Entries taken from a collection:
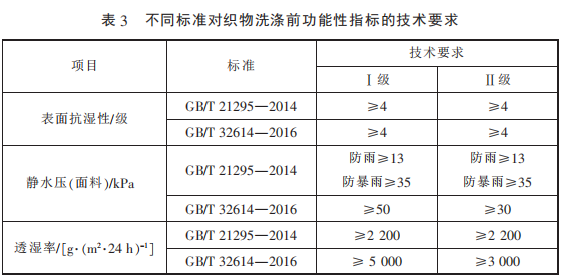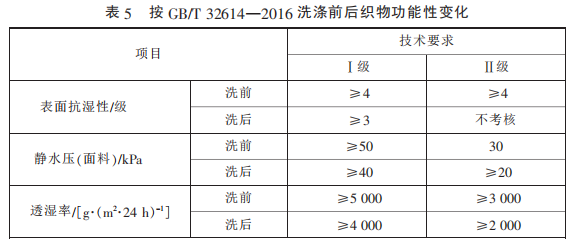 考慮到防水透濕面料功能的 耐用性,GB/T 32614—2016 中增加 了對功能性指標(biāo)的洗后測試,采用 標(biāo)準 GB/T 8629—2001《紡織品 試 驗用家庭洗滌和干燥程序》 中 的 5A 程 序 洗 滌 3 次 并 懸 掛 晾 干,洗 后的指標(biāo)要求變化具體見表 5,相 較于洗前,指標(biāo)略有降低。
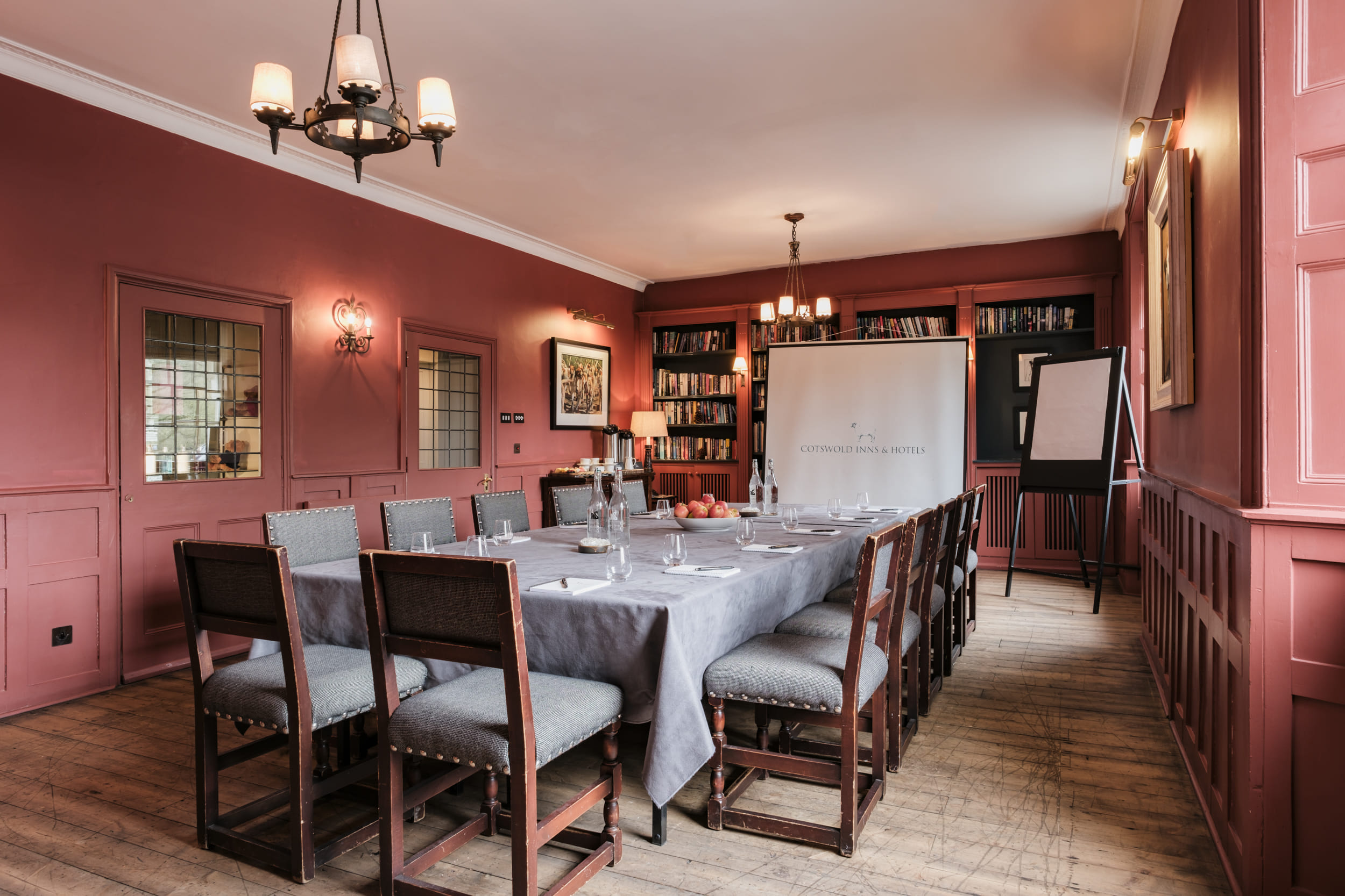A Meeting Room in a traditional Library setting with roaring fireplace.
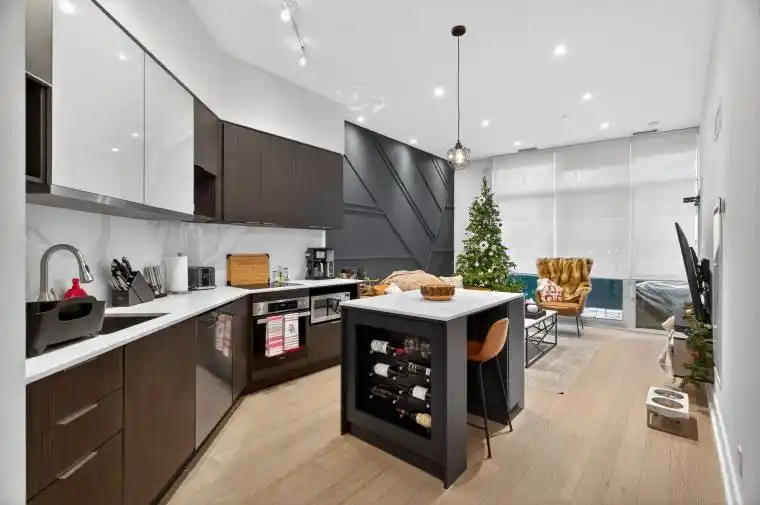 Luxury Ground-Floor 1 Bedroom Suite – Fully Renovated & Move-In Ready. This stunning, fully upgraded 1 bed, 1 bath residence features 10 ft ceilings, hardwood floors throughout, full floor-to-ceiling windows. Feature walls in both the living and primary bdrm. Throughout the unit, dual roller blinds offer total control, sheer shades for natural daylight and full blackout rollers for complete privacy and restful nights. Premium Miele S/S appliances, sleek kitchen island w/ waterfall countertop and built-in wine rack, new doors/trim, and pot lights on dimmers throughout. Spa-quality bathroom with upgraded tiles, rainfall shower + handheld, granite vanity top with built in sink, and luxury finishes end to end. Enjoy a rare private ground-floor terrace with composite decking, green feature wall, and LED perimeter lighting-perfect for summer. This ground floor unit lets you skip the elevator waits and enjoy direct, effortless access every day, while still having an elevated balcony overlooking the Shops at Don Mills. This suite also comes with a locker and a Tesla-charging parking spot, a rare upgrade! Tenant pays only hydro. One of the most luxurious units in the building, a must-see!
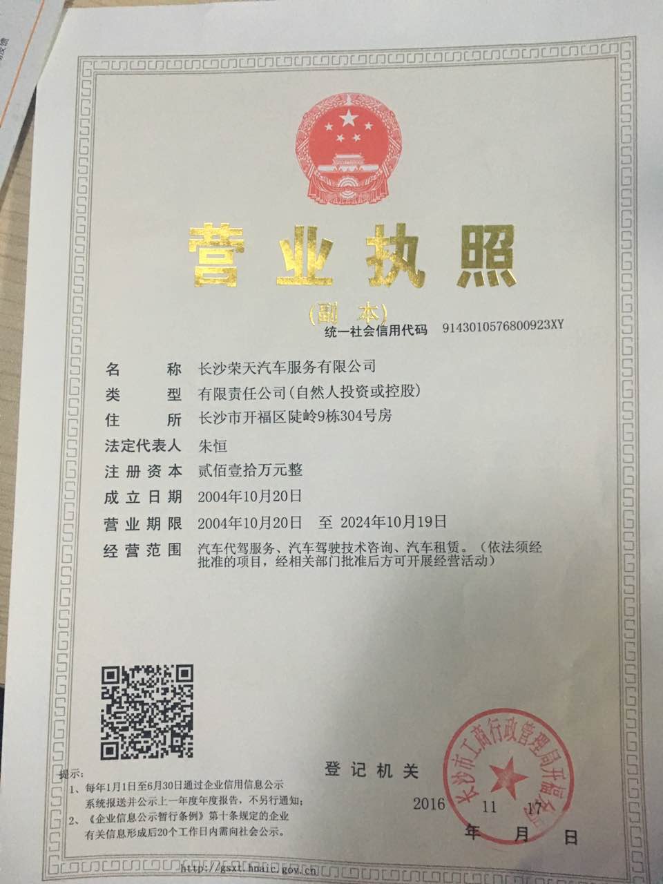 湖南長(zhǎng)沙榮天租車(chē)服務(wù)公司
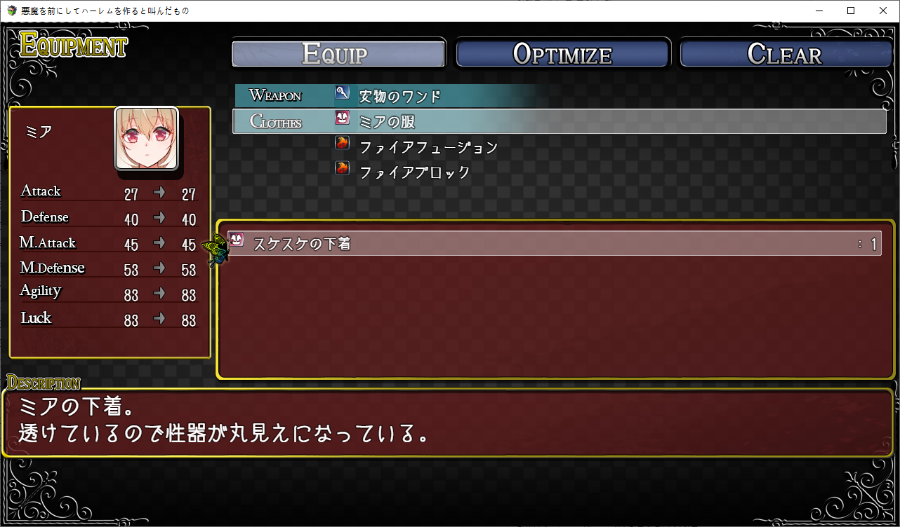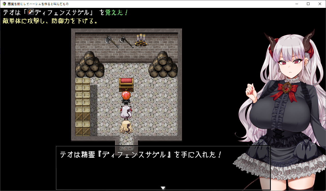 여기는 암속성으로 응전하라고 합니다바로 주워서 껴줍시다잘 주워두고누군가 있는데에드워드군요천구가 있다고 하는데진짜야 구라야보통 물가 근처에 발견된다고 하는데하필 길 두개 사이에서 다른 길로 들어왔습니다대신 속옷을 찾았군요입어줭갈아 입을 수 있습니다다른템만 한참줍고사실 반대편이란걸 알아차렸습니다바로 옆이잖아악마를 찍은 사신첩이 돌아다니는 수상한 동네레서피를 왜 이녀석이 가지고 있을까요여튼 길을 더 가니 예배당이 나왔습니다동쪽은 더 못가네요악마는 없는데여기를 지키고 있을 무기군이 없습니다커여운 고양이 악마라고 합니다기사단에 들어오기 전부터 기르고 있었습니다앞에 마법진이 있으니 가보자고 합니다귀여운 고양이들이 많네요회복은 유료입니다정령을 줍고서큐버스가 가로막고 있습니다메스가키 서큐버스네요이상한 방이 있는데가운데로 가니 서큐가 있고퀴즈를 풀어야 한다고 합니다여기서 제일 성욕이 강한 서큐를 찾으라고 하네요성욕이 강한 서큐는 마력도 강하기 때문에 우리들을 올바른 길로 옮겨 줄 수 있다고 합니다물어봅시다혼자서는 거의 안한다고 하니 얜거 같네요다른애들도 시시한 질문들이 이어집니다오로즈는 백이 좋습니다첫상대는 학교의 선생이라그 사람이 지금의 남편이라고 합니다여튼 가운데가 정답이니 골라줍시다오메데토의외로 아무나고는 안하는 테오3층으로 출발여기는 돼지들을 옮겨서 스위치를 눌러야 합니다거 귀찮네템들도 먹어줍시다버그인지 생겼다 말았다 하더군요여튼 다 하고 돌아오면 마법진이 생겨있습니다갸르르무기군입니다커엽?대충 때려서 제정신을 차리게 만듭시다냥말하는건 귀엽습니다이페스가 무언가 능력이 있을거라 생각합니다 동료한테도 보통 능력에 대해 말해주진 않습니다마석은 사라졌습니다다행히 부하가 마석을 옮기는걸 봤습니다바로 옆으로 옮겼군요미아도 레이라도 많이 강해져서 기쁜 언니개별이벤트도 개방됩니다돌도 줍고은근 슬쩍 성희롱을 하는 테오템도 줍고나중에 쓸 수 있습니다또 막는 쟈스파거 귀찮네이쪽 악마들이 작위를 가진 악마란걸 이제야 눈치챕니다소멸용사도 등장뭔가 상태가 이상해보입니다일단 도망치고 소멸용사가 악마와 함께였단걸 알려줍시다사실 쟈스파는 소멸용사와 같은 동네에서 살았습니다예전엔 그런 성격이 아녔다고 하고 조종당하는 가능성도 열어둡니다조종도 그렇게 고등한 명령은 안되서 아닐거라고 생각합니다무기군이 뭔가 검은 감정이 용솟음 쳐서 이상해 졌다고 하니 그건가 봅니다아마 그게 이페스의 능력인가 봅니다능력도 얻고가기전에한번돌아가서 정비를 해봅시다더 좋은 회복템들을 조합할 수 있네요이벤트도 보고 다시 예배당으로 갑시다
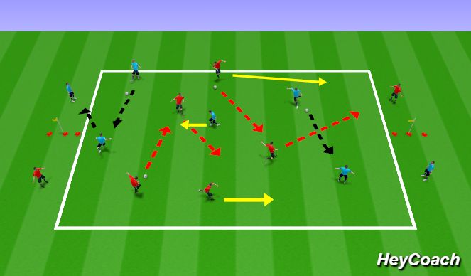 -Players look to combine and pass to partner who is located at opposite ends of the field in designated area
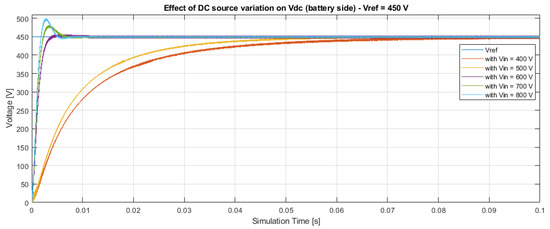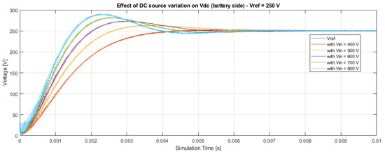 Figure 22 shows the variation of the response of the DAB converter as the voltage source (Totem Pole side) changes when an output voltage (battery side) of V is obtained. It can be observed that as the input voltage supplied to DAB decreases, the system tends to behave more similarly to a first-order system. In fact, higher corresponds to faster rise times with overshoots greater than the steady-state value.

### Task requirements
Reproduce, word for word, every line from the start of the records down to and including the line with "湖南長(zhǎng)沙榮天租車(chē)服務(wù)公司"; skip the pictures.

### Worked solution
 考慮到防水透濕面料功能的 耐用性,GB/T 32614—2016 中增加 了對功能性指標(biāo)的洗后測試,采用 標(biāo)準 GB/T 8629—2001《紡織品 試 驗用家庭洗滌和干燥程序》 中 的 5A 程 序 洗 滌 3 次 并 懸 掛 晾 干,洗 后的指標(biāo)要求變化具體見表 5,相 較于洗前,指標(biāo)略有降低。
A Meeting Room in a traditional Library setting with roaring fireplace.
 Luxury Ground-Floor 1 Bedroom Suite – Fully Renovated & Move-In Ready. This stunning, fully upgraded 1 bed, 1 bath residence features 10 ft ceilings, hardwood floors throughout, full floor-to-ceiling windows. Feature walls in both the living and primary bdrm. Throughout the unit, dual roller blinds offer total control, sheer shades for natural daylight and full blackout rollers for complete privacy and restful nights. Premium Miele S/S appliances, sleek kitchen island w/ waterfall countertop and built-in wine rack, new doors/trim, and pot lights on dimmers throughout. Spa-quality bathroom with upgraded tiles, rainfall shower + handheld, granite vanity top with built in sink, and luxury finishes end to end. Enjoy a rare private ground-floor terrace with composite decking, green feature wall, and LED perimeter lighting-perfect for summer. This ground floor unit lets you skip the elevator waits and enjoy direct, effortless access every day, while still having an elevated balcony overlooking the Shops at Don Mills. This suite also comes with a locker and a Tesla-charging parking spot, a rare upgrade! Tenant pays only hydro. One of the most luxurious units in the building, a must-see!
 湖南長(zhǎng)沙榮天租車(chē)服務(wù)公司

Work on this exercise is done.